Another solution might be to create a cleaned checkbox field on the children. After cleaning, the batch job will set that checkbox on the child.

Then create a rollup summary field on the parent that counts all children with cleaned to false.

Then you can filter on all master records that have > 0 uncleaned children?

2
  • Except that you still need to acquire a record lock to set that field. Would that really change anything?
    – Adrian Larson
    Commented Feb 22, 2017 at 15:07
  • 1
    No you don't, because quote "I have 2 Batch classes working on different child objects of a common master object." which I suppose means that the Batches will not have conflicts on the child records? Commented Feb 23, 2017 at 9:17
1

I spoke with SF about this issue. Apex detects deadlocks via timeout. Retry by repeating the DML may be a viable technique. The important thing to understand is what you are effectively doing is simply increase the wait before timeout.

As others have pointed out, FOR UPDATE may be a good technique to avoid deadlock in some situations so you may wish to employ that technique first.

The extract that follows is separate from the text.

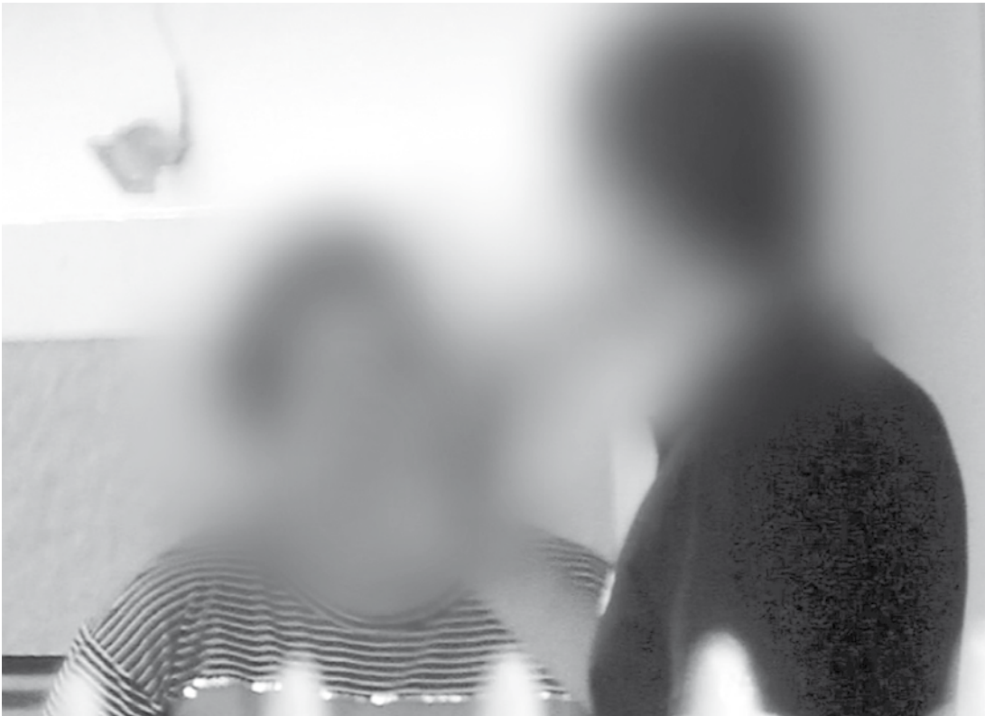
Médica conversa com professor de violão durante o horário de trabalho, segundo a PF

caminhado para Justiça. A médica, além de estar sendo acusada, criminalmente, por estelionato, também está sendo acusada civilmente por enriquecimento ilícito. A Polícia Federal disse que vai pedir ainda a devolução do dinheiro das horas pagas irregularmente. TEM MAIS! A médica é dona de uma empresa contratada pela Prefeitura de Jales e apesar dos ilícitos, o município da região resolveu prorrogar o contrato vencido em setembro e ainda concedeu reajuste de preço pelos serviços. Em contato com a Reportagem, a Prefeitura, por meio da assessoria de imprensa, apenas informou que não foi envolvida no inquérito em questão.

Regarding the way you coded it, you have two issues, one major and one minor. The major issue is that you will retry forever. You should probably limit the retry to a few tries. If it takes longer than two or three attempts, something may be very wrong. The minor issue is that you are using recursion so the stack is getting deeper and deeper with each attempt. You can fix both issues by putting the DML in a few loop and break from the for loop on success.